Les hommes n’ont trouvé que deux manières pacifiques de trancher les conflits : les tribunaux et les méthodes scientifiques. « Considérer que les lois humaines sont inspirées par Dieu, en particulier par Allah, c’est absolument dramatique », poursuit Jean de Kervasdoué.
« Nous transférons aux agriculteurs nos angoisses d’omnivores »

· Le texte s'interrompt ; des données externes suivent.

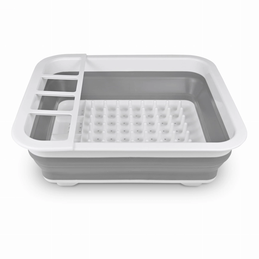 • El material es silicona de grado alimentario combinada con un marco rígido — ligero, flexible pero al mismo tiempo lo bastante estable para que el agua escurra de la vajilla.
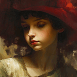 The Scarlet Reverie The Mabazza Foundation Collection This enchanting image captures a young girl in a moment of quiet reflection, her face softly illuminated by warm, diffused light. A voluminous scarlet hat, rich with movement and texture, frames her delicate features, creating a striking contrast between bold color and gentle expression. The blend of soft, impressionistic brushstrokes and finely detailed realism lends the image a dreamlike, timeless quality. Themes & Symbolism - The Red Hat – A Symbol of Youth & Awakening The oversized, flowing hat envelops the girl's curls, its deep crimson hue suggesting passion, curiosity, and an emerging sense of self. It is both playful and dramatic, hinting at a child on the cusp of adolescence, navigating the delicate transition between innocence and awareness. - Her Expression – A Moment of Introspection Her gaze, downcast and thoughtful, suggests a quiet, unspoken emotion—perhaps a lingering sadness, a daydream, or the weight of a moment she does not yet fully understand. - The Contrast of Boldness & Softness The fluid, expressive brushwork in the background and the movement within the hat create a striking contrast against the gentle precision of her features. This duality enhances the sense of a fleeting moment in time, as if she exists between childhood wonder and the depth of emotions that come with growing up. Part of The Mabazza Foundation Collection, this exquisite image is a poignant meditation on youth, memory, and the quiet thoughts that drift through the mind of a child standing at the threshold of tomorrow.
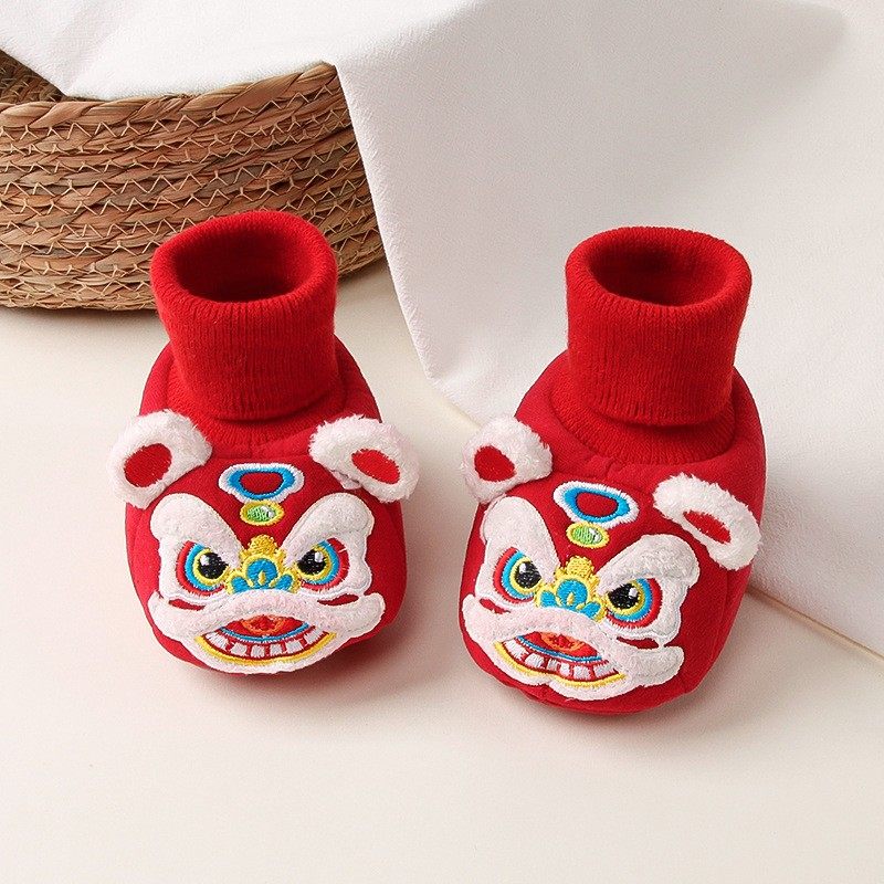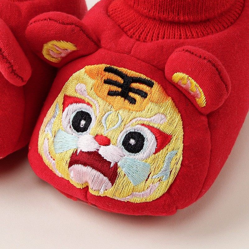 婧麒婴儿鞋子冬款加绒加厚0-1岁宝宝红色过年虎头鞋袜新生儿软底
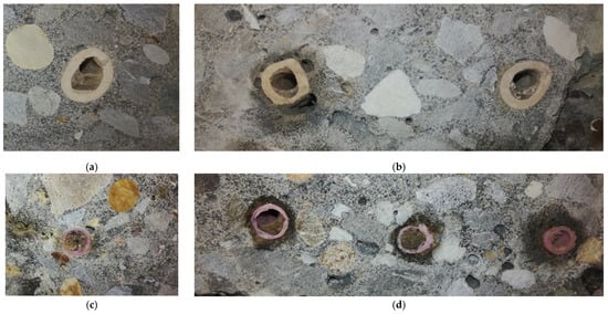 The unsuccessful repeatable healing can be attributed to extensive clogging of the vascular network tubes as illustrated in Figure 15. Post-testing visual inspection proved that up to 50% of the cross-section of the ceramic tubes was filled up with healing agent that polymerized into the vascular network (Figure 15a,b). Although a high pressure (up to 6 bar) was applied during the tubes’ cleansing to omit this phenomenon, the agent’s viscosity was too high for the experimental needs and the agent was entrapped into the printing folds. The phenomenon was severe for the 3D printed tubes, where some sections were 100% clogged. Based on Figure 15c,d, it is hypothesized that the 3D printed vascular networks were either too thin, and therefore permeable, or otherwise and due to a thin section, the tubes were suspected to have easily broken during the concrete casting since the tubes appeared filled with cement paste as well. These remarks should be taken into account in the future design modifications and while the tubes should be sufficiently brittle to fracture along with the concrete during a damage event, they must also have a high enough strength to survive the casting process.

Un fossé s’est créé entre le monde agricole et le reste de la société française. « Quand je suis né, en 1944, 40 % de la population active était agricole. Pendant la guerre, nos parents avaient faim et respectaient les agriculteurs. Aujourd’hui, seulement 3 % de la population est agricole, et les urbains ignorent tout du monde agricole. Les enfants découvrent à 10 ans que pour manger de la viande, il faut tuer un animal… » Cette coupure est dramatique, estime Jean de Kervasdoué. Les urbains ne sont pas reconnaissants de la liberté qu’ils ont obtenue du fait de ne plus avoir de contraintes animales - par exemple traire les vaches deux fois par jour. La productivité de l’agriculture a donné du temps libre et baissé le coût de l’alimentation qui représente moins de 20 % des dépenses des ménages.
Les peurs alimentaires renaissent. Pourquoi ? Comme nous sommes des omnivores, nous nous méfions de ce que nous mangeons, affirme Jean de Kervasdoué. Avant, il y avait des rites et des rythmes alimentaires (manger du poisson le vendredi, se nourrir trois fois par jour). Or rites et rythmes ont disparu. À Paris, 25 % des gens ne préparent plus jamais un repas. « Ce qui se passe, c’est que nous transférons aux agriculteurs nos angoisses d’omnivores. »
Jean de Kervasdoué ne nie pas qu’il existe de réels problèmes écologiques : la surpêche, l’urbanisation sauvage, le lessivage des sols, la déforestation, le tourisme, la conservation du littoral. Mais il y a aussi beaucoup de contre-vérités. Sur la forêt, menacée de disparition : « Entre 1800 et aujourd’hui, la forêt française a été multipliée par trois ». Sur le réchauffement climatique : « Tornades et ouragans ont toujours connu des cycles. Les extrêmes climatiques aux États-Unis ont toujours été la règle. » Les écologistes politiques ne sont pas des écologues. « La légitimité de la politique, elle est sur le bien, pas sur le vrai. »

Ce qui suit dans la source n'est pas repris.